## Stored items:

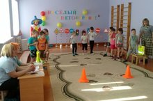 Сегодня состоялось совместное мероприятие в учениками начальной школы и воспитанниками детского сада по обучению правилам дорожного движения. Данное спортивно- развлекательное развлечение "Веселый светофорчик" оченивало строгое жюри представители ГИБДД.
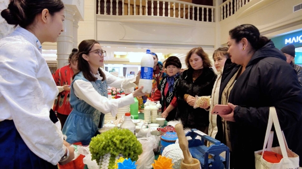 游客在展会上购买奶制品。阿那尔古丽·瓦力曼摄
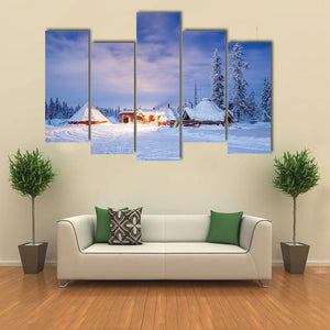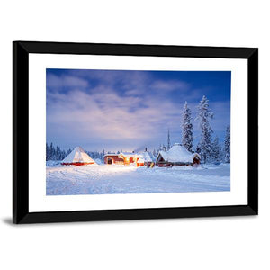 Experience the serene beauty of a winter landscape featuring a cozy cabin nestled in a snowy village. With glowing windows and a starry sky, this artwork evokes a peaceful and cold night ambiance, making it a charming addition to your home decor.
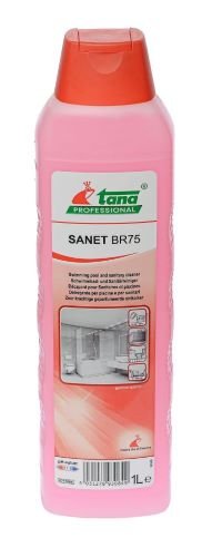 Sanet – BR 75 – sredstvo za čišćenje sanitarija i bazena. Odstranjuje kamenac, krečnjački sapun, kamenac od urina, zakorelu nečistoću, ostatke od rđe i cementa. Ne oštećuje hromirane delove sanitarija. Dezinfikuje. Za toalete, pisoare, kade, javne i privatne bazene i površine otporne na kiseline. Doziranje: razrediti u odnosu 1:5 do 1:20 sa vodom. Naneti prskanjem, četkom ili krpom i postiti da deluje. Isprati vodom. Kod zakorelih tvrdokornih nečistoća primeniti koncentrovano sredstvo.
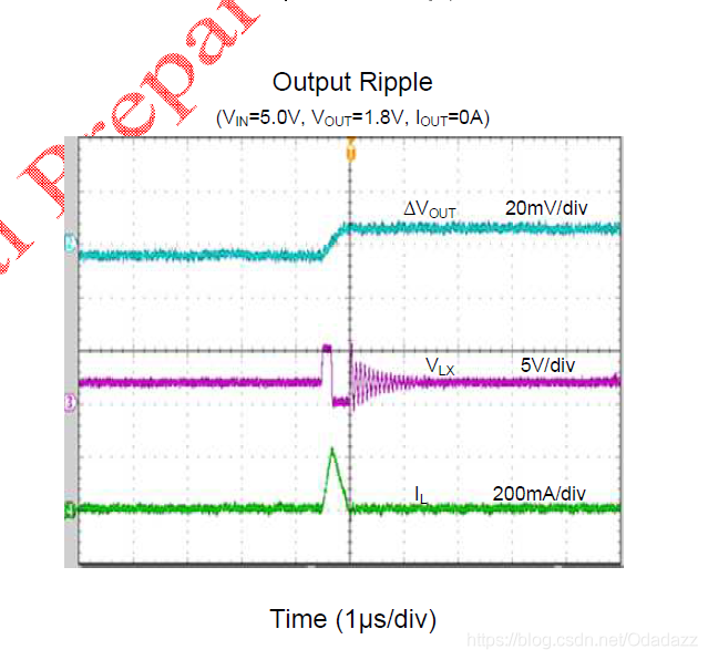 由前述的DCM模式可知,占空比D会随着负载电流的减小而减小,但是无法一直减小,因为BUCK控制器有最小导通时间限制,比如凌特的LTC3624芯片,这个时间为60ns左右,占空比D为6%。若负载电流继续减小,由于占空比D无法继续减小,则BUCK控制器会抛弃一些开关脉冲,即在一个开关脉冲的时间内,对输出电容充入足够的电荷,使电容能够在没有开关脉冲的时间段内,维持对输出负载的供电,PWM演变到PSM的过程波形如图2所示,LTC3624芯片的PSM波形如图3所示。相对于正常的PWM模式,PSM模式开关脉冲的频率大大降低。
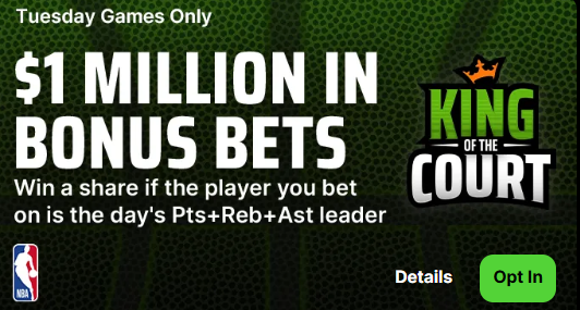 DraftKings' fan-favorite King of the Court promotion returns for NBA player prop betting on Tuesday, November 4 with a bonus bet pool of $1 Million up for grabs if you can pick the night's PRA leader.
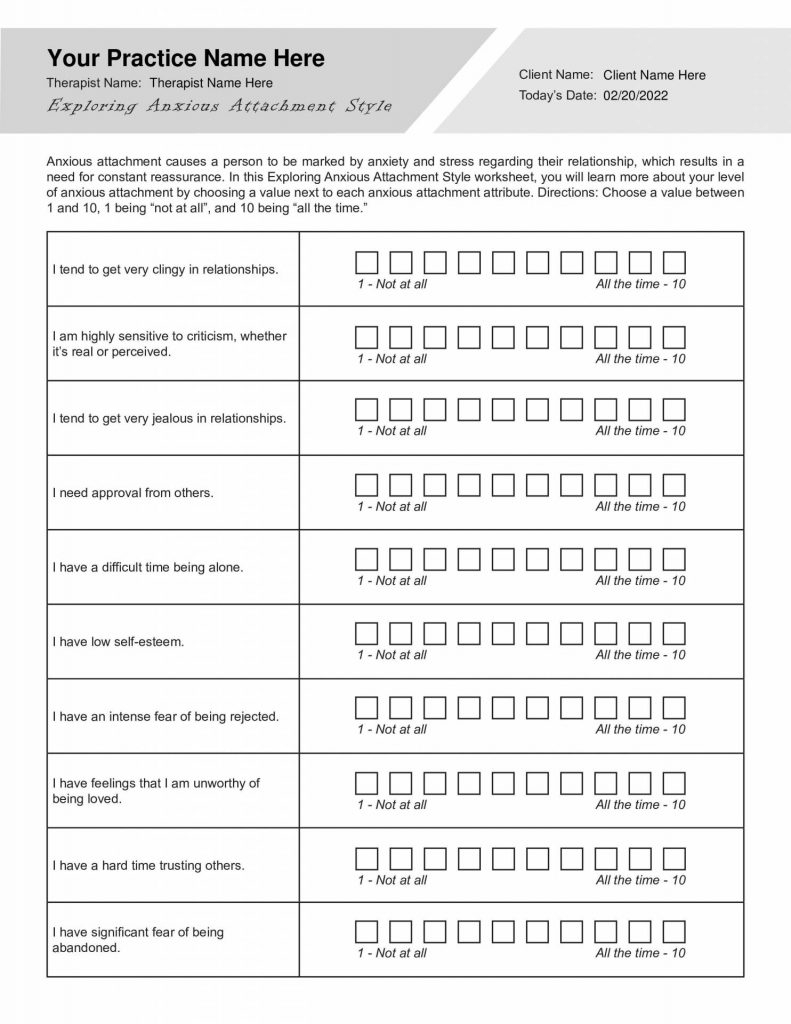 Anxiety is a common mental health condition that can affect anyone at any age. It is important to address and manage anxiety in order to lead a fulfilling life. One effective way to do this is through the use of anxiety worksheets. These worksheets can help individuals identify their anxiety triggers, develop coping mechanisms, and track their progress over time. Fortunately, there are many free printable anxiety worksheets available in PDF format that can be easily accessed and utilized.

## Exercise instructions:
Make an exact copy of all entries above, dropping the images.

## Answer below:
 Сегодня состоялось совместное мероприятие в учениками начальной школы и воспитанниками детского сада по обучению правилам дорожного движения. Данное спортивно- развлекательное развлечение "Веселый светофорчик" оченивало строгое жюри представители ГИБДД.
 游客在展会上购买奶制品。阿那尔古丽·瓦力曼摄
 Experience the serene beauty of a winter landscape featuring a cozy cabin nestled in a snowy village. With glowing windows and a starry sky, this artwork evokes a peaceful and cold night ambiance, making it a charming addition to your home decor.
 Sanet – BR 75 – sredstvo za čišćenje sanitarija i bazena. Odstranjuje kamenac, krečnjački sapun, kamenac od urina, zakorelu nečistoću, ostatke od rđe i cementa. Ne oštećuje hromirane delove sanitarija. Dezinfikuje. Za toalete, pisoare, kade, javne i privatne bazene i površine otporne na kiseline. Doziranje: razrediti u odnosu 1:5 do 1:20 sa vodom. Naneti prskanjem, četkom ili krpom i postiti da deluje. Isprati vodom. Kod zakorelih tvrdokornih nečistoća primeniti koncentrovano sredstvo.
 由前述的DCM模式可知,占空比D会随着负载电流的减小而减小,但是无法一直减小,因为BUCK控制器有最小导通时间限制,比如凌特的LTC3624芯片,这个时间为60ns左右,占空比D为6%。若负载电流继续减小,由于占空比D无法继续减小,则BUCK控制器会抛弃一些开关脉冲,即在一个开关脉冲的时间内,对输出电容充入足够的电荷,使电容能够在没有开关脉冲的时间段内,维持对输出负载的供电,PWM演变到PSM的过程波形如图2所示,LTC3624芯片的PSM波形如图3所示。相对于正常的PWM模式,PSM模式开关脉冲的频率大大降低。
 DraftKings' fan-favorite King of the Court promotion returns for NBA player prop betting on Tuesday, November 4 with a bonus bet pool of $1 Million up for grabs if you can pick the night's PRA leader.
 Anxiety is a common mental health condition that can affect anyone at any age. It is important to address and manage anxiety in order to lead a fulfilling life. One effective way to do this is through the use of anxiety worksheets. These worksheets can help individuals identify their anxiety triggers, develop coping mechanisms, and track their progress over time. Fortunately, there are many free printable anxiety worksheets available in PDF format that can be easily accessed and utilized.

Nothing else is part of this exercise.